同年、行政警察規則により、路上で、狂癲者を発見したら介抱し、暴力を振るう者は取り押さえてその地の戸長に引き渡すことが規定された。
明治11年(1878)   名古屋監獄に日本最初の監獄精神病室が設置された。
同年、東京警視庁布達により、「精神障害者や不良子弟等を私宅に鎖錮しようとするものは、その理由等を詳記し、親族連印の上、医師の診断書を添えて所轄の警察に届け出て認可を得ること」が定められた。(私宅監置の制度化)
明治12年(1879)  精神障害者の収容施設、治療施設として、東京府養育院内の癲狂室が独立し、東京府癲狂院が設置された。精神障害者の医療施設への収容もはじまったが、全国的にみれば、その病床数はほんのわずかなものにすぎなかった。
明治13年(1880)  旧刑法に、発狂人の看守を怠り、路上に徘徊せしめたるものは違警罪として処罰する旨が規定され、精神障害者に関わる治安活動に対して、家族がその責任の一端を負うべき法的根拠が明確になりはじめた。
明治16年(1883)  相馬事件はじまる。この事件は、相馬氏の旧臣、錦織剛清が、精神病のゆえに私宅に監禁されていた相馬誠胤の拠遇を不当として東京軽罪裁判所に告発したことに端を発した事件であった。これをきっかけに、法定手続きが不明確な私宅監置の問題が顕在化した。同時に、東京帝国大学教授、スクリバ、同じく榊 俶による診断書が司法判断上重要な役割を演じ、わが国の司法鑑定の嚆矢となる事件でもあった。

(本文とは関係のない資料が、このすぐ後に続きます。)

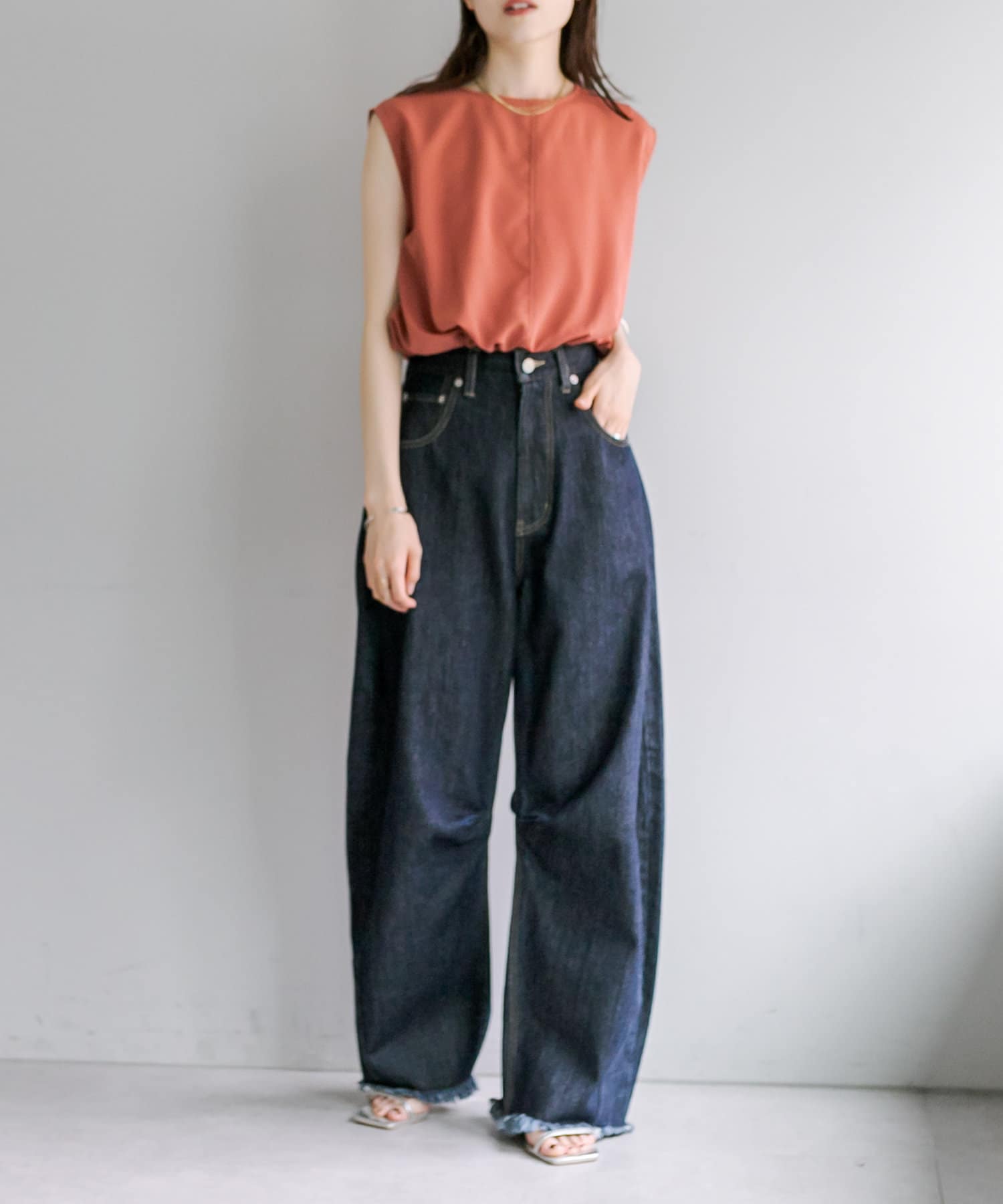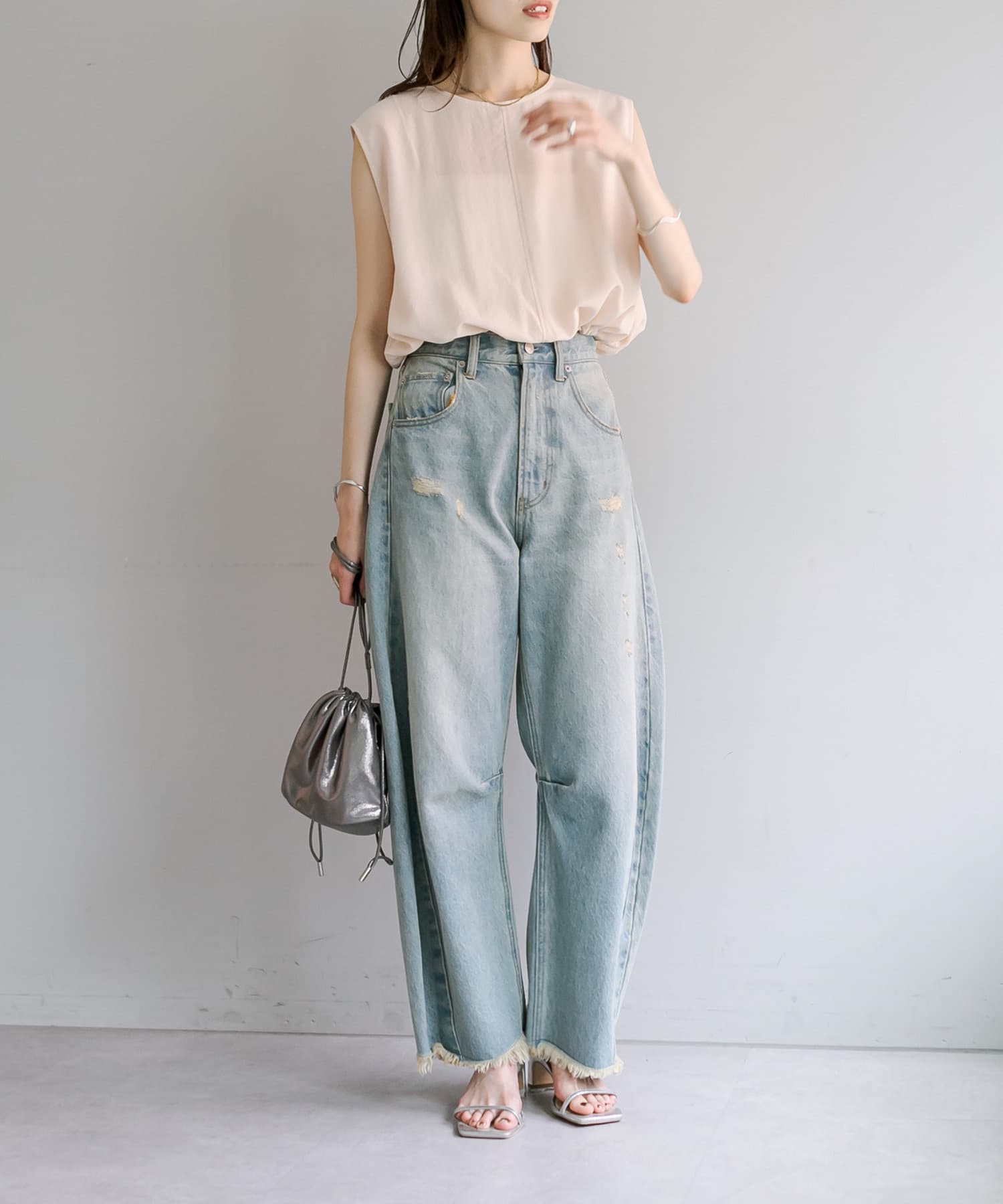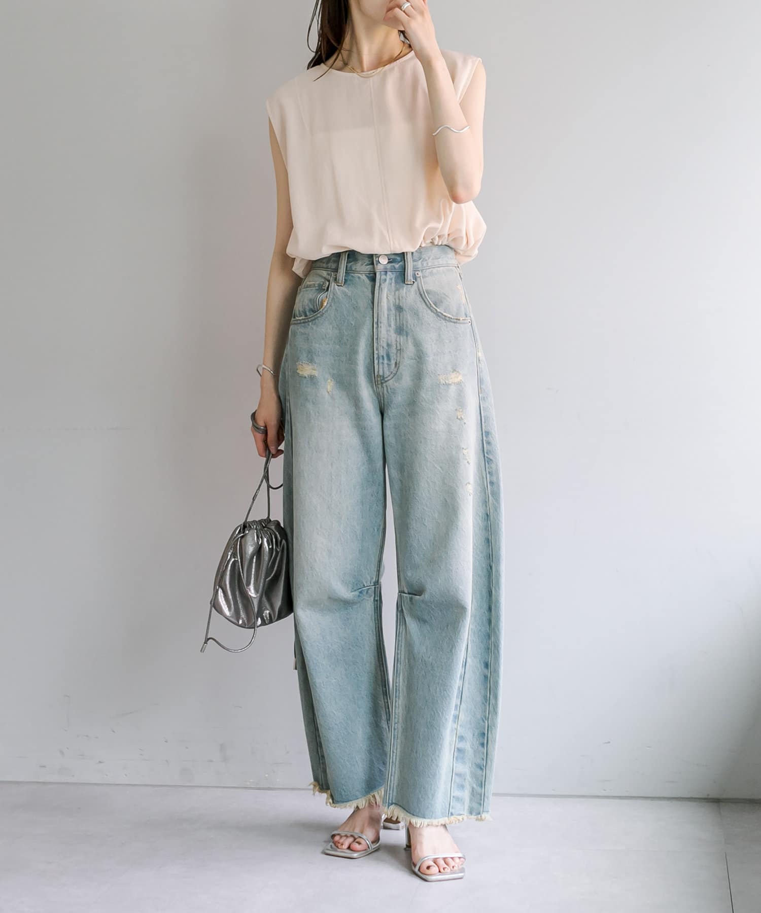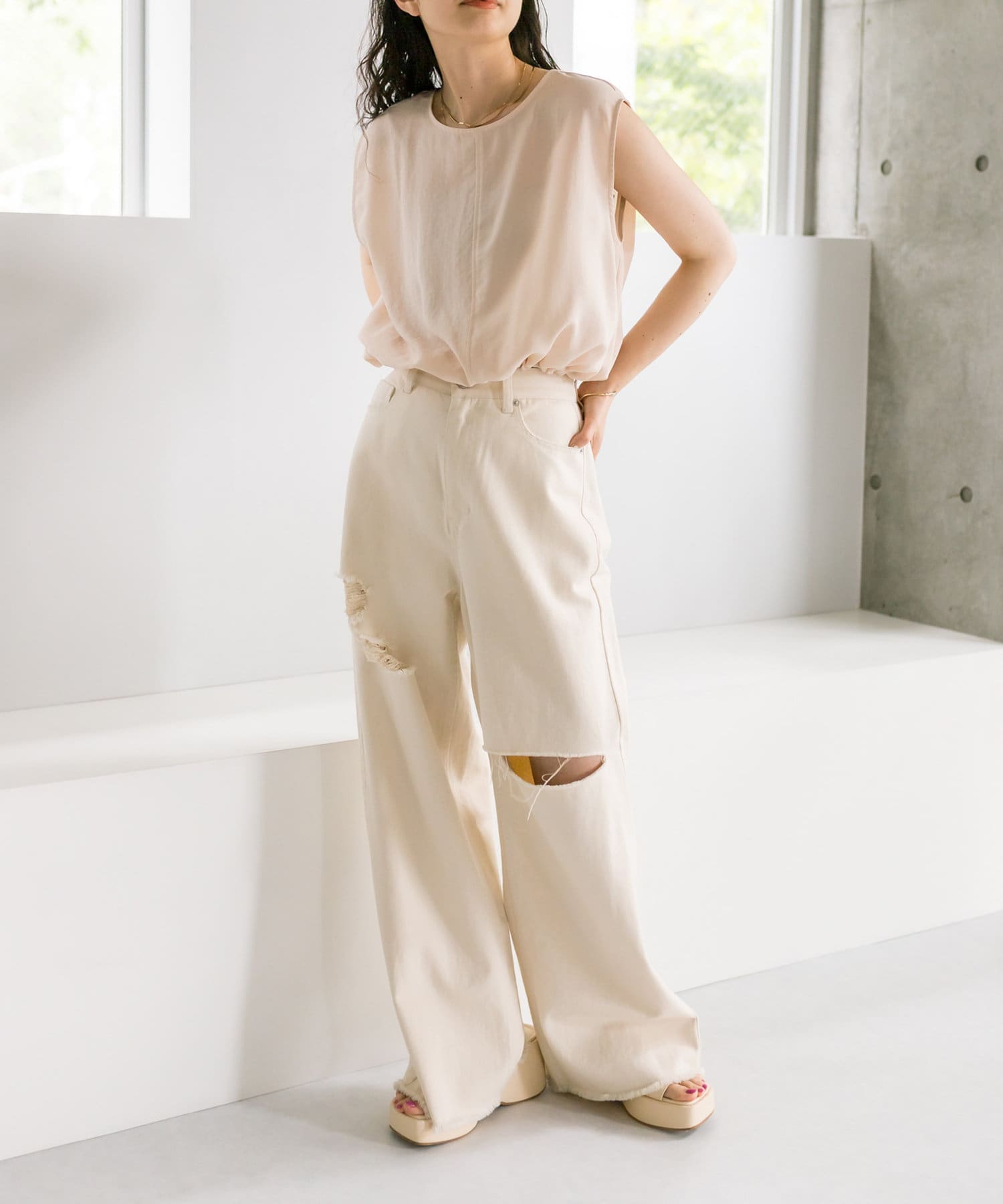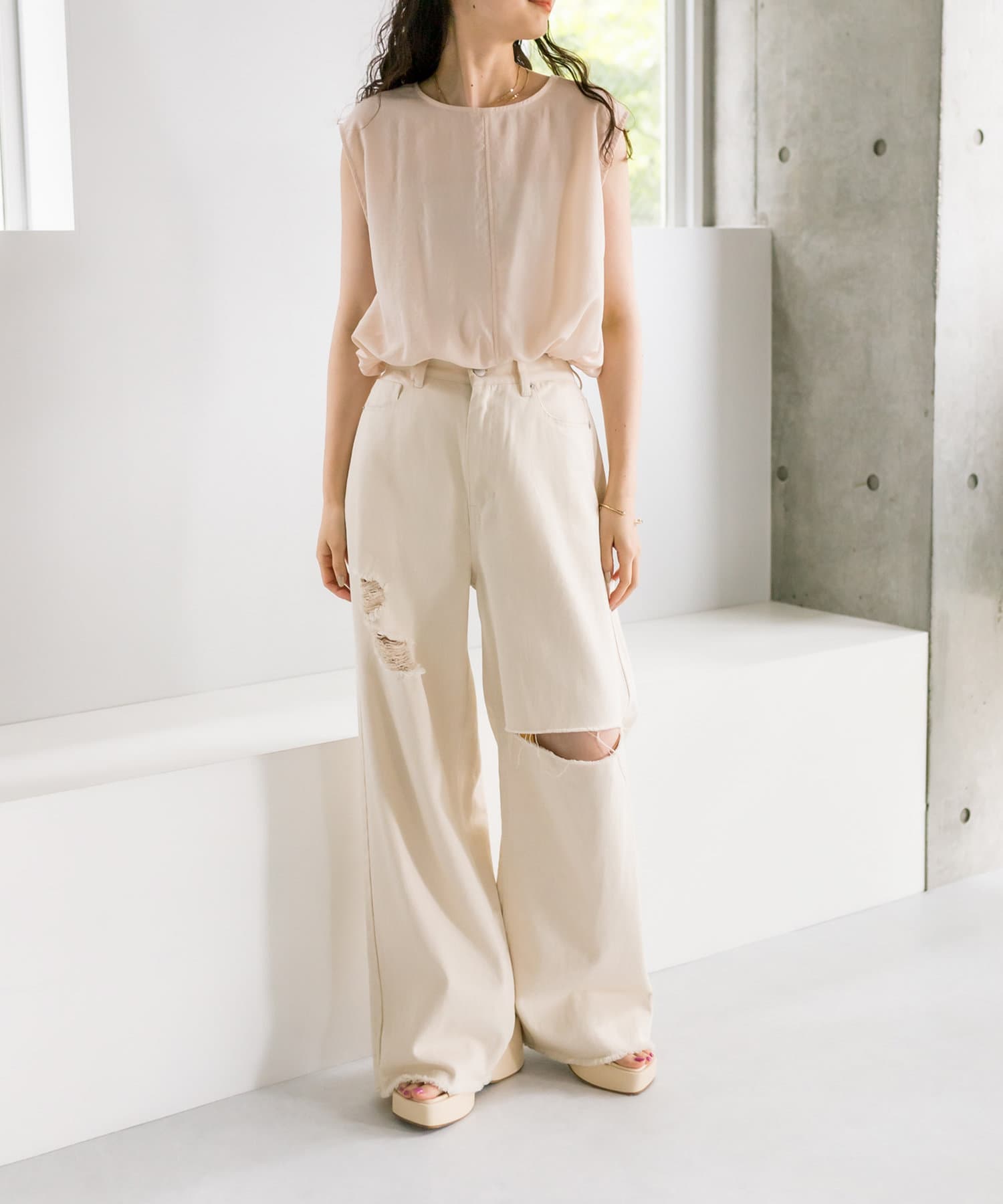 夏の定番ノースリーブとバックシャンデザインの爽やかブラウス。

明治17年(1884)  警視庁令で、許可のない者を私立精神病院に入院させることを禁じた。
明治33年(1900)  精神病者監護法公布
・地方ごとに異なっていた精神障害者の処遇規定を一律にした。
・精神病者に対する監護義務者を定め、監置の手順を規定した。
・公私立精神病院の精神病室管理を警察署の菅轄とした。
明治35年(1902)  精神病者慈善救治会設立。
大隈重信夫人を会長とする民間の精神障害者救援慈善団体(精神病者救治会、日本精神厚生会、日本精神衛生会、日本精神衛生連盟として現在に連なる)
明治40年(1907)  精神病者の公費収容、委託監置がはじまった。
明治43年(1910)  東京帝国大学教授 呉 秀三、教室員を動員して1都14県の精神病者私宅監置の実地調査を開始(大正5年に終わる)
明治44年(1911)  官公立精神病院設置に関する建議案(山根正次代議士)が衆議院に提出されるも、「官公立病院設置に関する」建議案に訂正されて可決された。
大正5年(1916)  保健衛生調査法官制令による調査会が全国の精神障害者拠遇実態一斉調査を行った。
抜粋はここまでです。